Author Ben Markovits talks about his latest novel, Childish Loves, creating Byron's voice, the development of the love of reading, and being an American writer in London.
Interviewer Michael Leonard: Childish Loves completes your trilogy of Lord Byron. What first drew you to explore the poet’s world?
Ben Markovits: When I was about fourteen, my family moved to London for a year. We lived near a little secondhand bookstore on a cobbled alley, in which you could still buy 19th-century editions of poetry, with uncut pages, for a couple of pounds. This is when I started buying books, and reading in earnest. And one of the poets I read was Byron. By the time I came to write Imposture (my third novel), I had worked out, more or less, the kind of characters I liked to write about. Mostly failures of one sort or another, and Byron seemed a very vivid foil for me to set off their qualities. But the trilogy is also about the love of books, a love I associate with late childhood, when many people begin for the first time to read intensely.
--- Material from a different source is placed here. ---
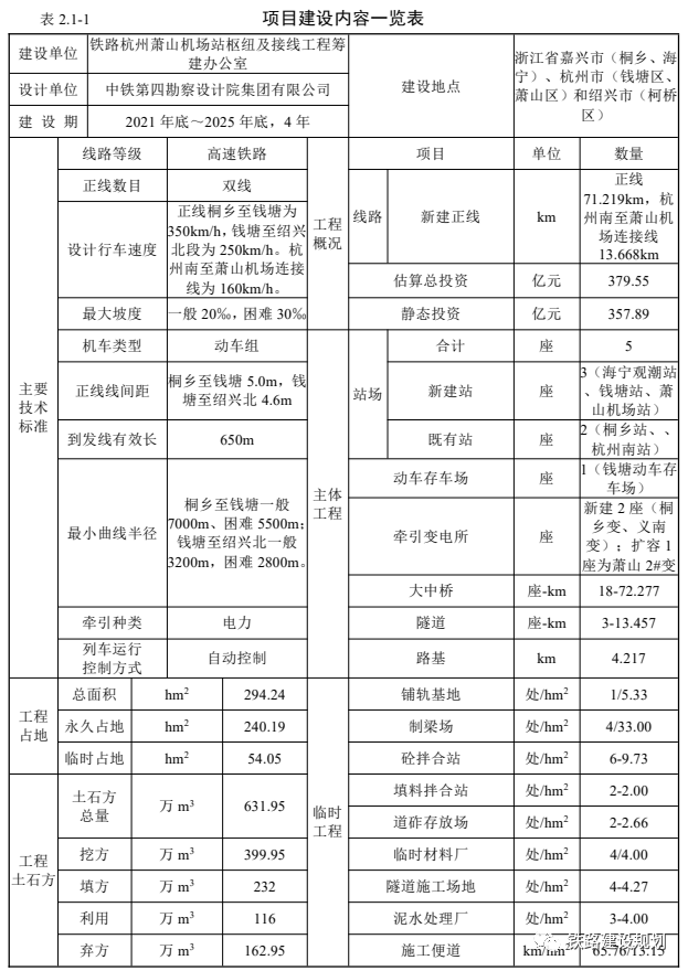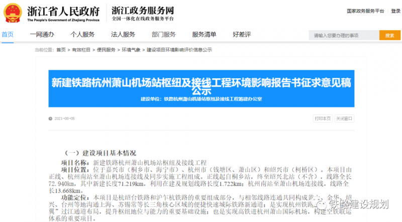 8月5日,《新建铁路杭州萧山机场站枢纽及接线工程环境影响报告书征求意见稿公示》在浙江政务服务网发布。
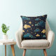 COUSSIN SKI DE NUIT AVEC NUAGES ET ÉTOILES BLEU & OR

The seed for your new novel stems from events in Byron’s life that occurred years apart. How did those events become the foundation for Childish Loves?
I didn't want to write a big sprawling novel that tried to swallow the whole of his life. Biographies do that. I wanted to write stories. Byron, of course, is famous for his sex-life, but I thought that if you looked at some of his sexual encounters in detail, one by one, a different picture of his character might emerge. He himself liked to claim that he had been more ravished than anyone since the Trojan War, and his most famous libertine character, Don Juan, is in fact rather passive sexually—an observer and a victim.
One of the things I wanted to look at in this book is the uncomfortable relationship between innocence and attraction. It's very easy to sympathize with Byron at fifteen, when he doesn't know what he's doing and other people are making use of him for various reasons. But at thirty-six, was he really any less vulnerable? And who do we sympathize with, in these encounters? The aging dying poet, or the young Greek boy, for example, who accepts Byron's attentions for the sake of his gifts?
Childish Loves is the only novel of the trilogy told with Byron as the narrator. Can you tell us a bit about the challenges you faced in creating the poet's unique voice?
Well, I read a lot of Byron, which was one of the perks of the job. Not just his poetry, but the famous letters and journals. Then again, I've been reading him since I was fourteen years old, I studied him in college and in grad-school, too. There are many wonderful things about his style, which you can learn from as a writer even if you're not trying to capture his voice. The way he writes vividly without much reliance on adjectives or metaphors. His abrupt changes of pace. His conversationalism. The way he tried to widen the scope of what literature can talk about. In “Beppo,” he advises people traveling to Italy during Lent do bring ketchup with them, because the food's boring. But he's also making a larger point: that ketchup is as much a part of our lives as birds, hills, clouds, love, etc.
The other problem, of course, is that he wrote about himself so well, there's a question of what you can add. But he didn't write novels, and there's something about the novelist's craft that strikes me as interesting, and not just for professional/technical reasons. Novelists try to show how characters change through time because of what happens to them. So I tried to apply some of that craft to Byron's voice.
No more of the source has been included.